There was a time when 10,000 men and women paraded each November, coming from all over Britain. Last year, there were just 750, augmented by youth groups (including grandchildren of ex-servicemen who lay their own wreath), serving men and women in uniform, and - as always - members of the Jewish Lads and Girls Brigade. Even so, there are still 3,500 Ajex members.

The parade costs £20,000 to organise and now the top brass are thinking of what will happen when it is no longer sensible to spend that money. "We might well have a smaller service of thanksgiving, instead of a service of remembrance. I think we will concentrate on the Jewish military museum," says Shelley.

The museum, in Hendon, is another jewel in the Ajex crown, a permanent demonstration of the Jewish contribution to the armed services, with exhibits ranging from the work of chaplains in the war, particularly at the liberation of the death camps, to a portrait of the admiral who captained a ship in General Wolf's campaign against the French in Canada, 250 years ago.

Over the years, Ajex has been in the forefront of the fight against antisemitism (work now taken over by the Community Security Trust). It led delegations to the Soviet embassy on behalf of Russian Jewry and, earlier, to the West German embassy when a resurgence of Nazism in the country seemed likely. For many years, squads of Ajex members used to work in British hospitals at Christmas as a gesture of thanks for the times non-Jewish servicemen stepped in to allow Jews to celebrate their holidays. "But then we discovered," says Shelley, "that the nurses enjoyed coming in on Christmas themselves. So that was the end of that."

The organisation is always conscious of the past. In 2005, there was a service at the war cemetery at the site of the Battle of the Somme. Ajex had been told that a Private Harry Steinberg of the Queen's Royal West Surrey Regiment was buried under a tombstone engraved with a cross. So they arranged with the Commonwealth War Graves Commission for a Magen David to be substituted.

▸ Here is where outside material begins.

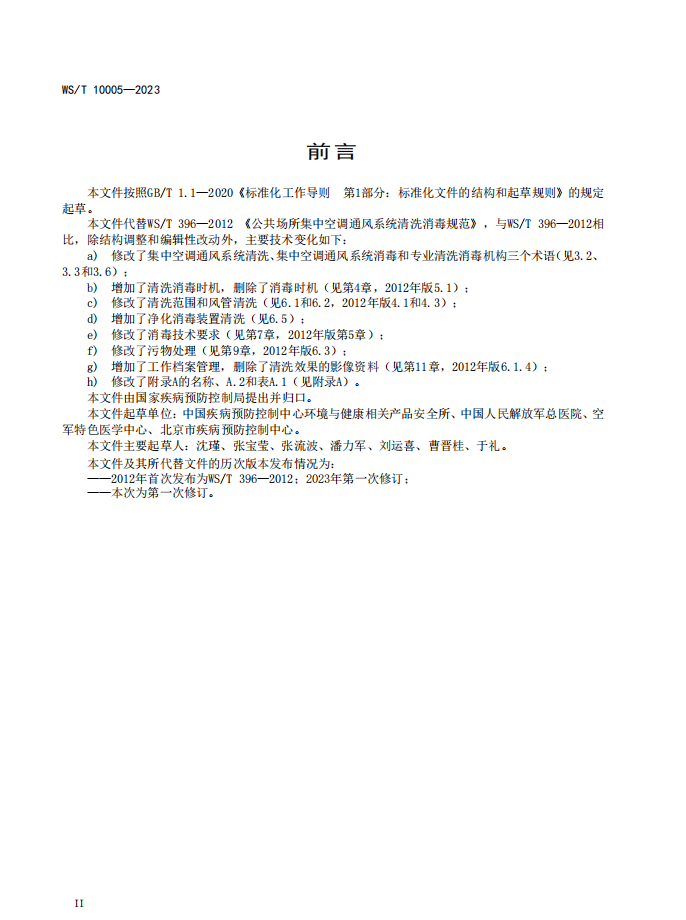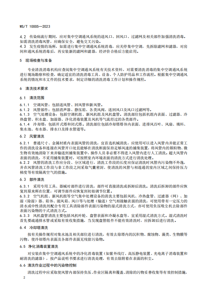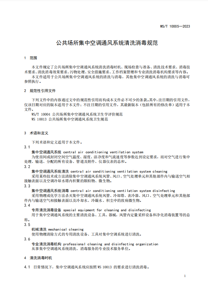 (WS T10005-2023)《公共场所集中空调通风系统清洗 消毒规范》

"We had to provide proof that he was, in fact, Jewish," says Shelley, "so we got out a copy of the JC for the week in which he was killed in 1916 and there it was, a death announcement. We are now working on three or four similar cases."

But it is obvious that the present, too, is very much in the organisation's thoughts. For years, it ran Ajex House, a block of flats purely for Jewish ex-servicemen. It is still there for that purpose, although now run under the auspices of the Industrial Dwellings Society.

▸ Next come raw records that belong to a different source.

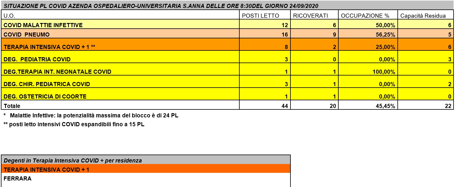 Situazione posti letto reparti Covid - 24 settembre 2020 - ore 8.30.jpg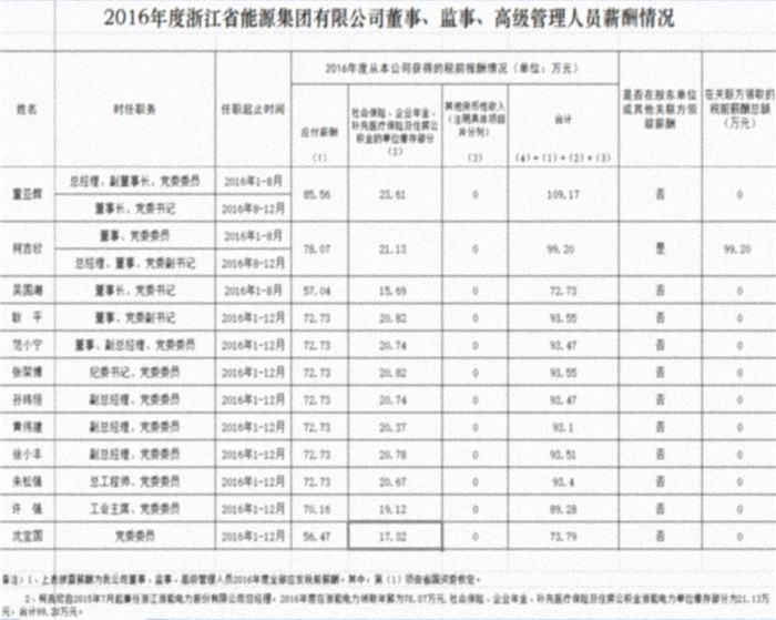 2016年度浙江省能源集團有限公司董事、監(jiān)事、高級管理人員薪酬情況
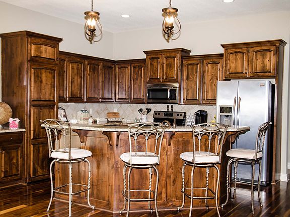 Must see! Hard to find TRUE RANCH at this price point! Charming Old World Style home with custom touches throughout. Spacious open floor plan with vaulted ceilings & walnut flooring.Two story row of windows overlooks covered patio. Kitchen w/ granite counters, lg pantry, huge island & ss appl. Cozy Master Suite with dr to patio, sitting area & spa like bath. Two additional bedrooms on main level. Massive lower level stubbed for bath. Barely lived in! Tucked back in neighborhood on cul-de-sac lot. Close to 50 Hwy.

And then there is the future. The organisation annually gives a bursary to students - "for undergraduates planning a dissertation on any aspect of British Jewish military history," says Shelley. "A small grant, advice and help in research and so on. It all helps to tell the story."

It says a lot for an organisation that likes to prove it is more than just a parade, living on more than just memories.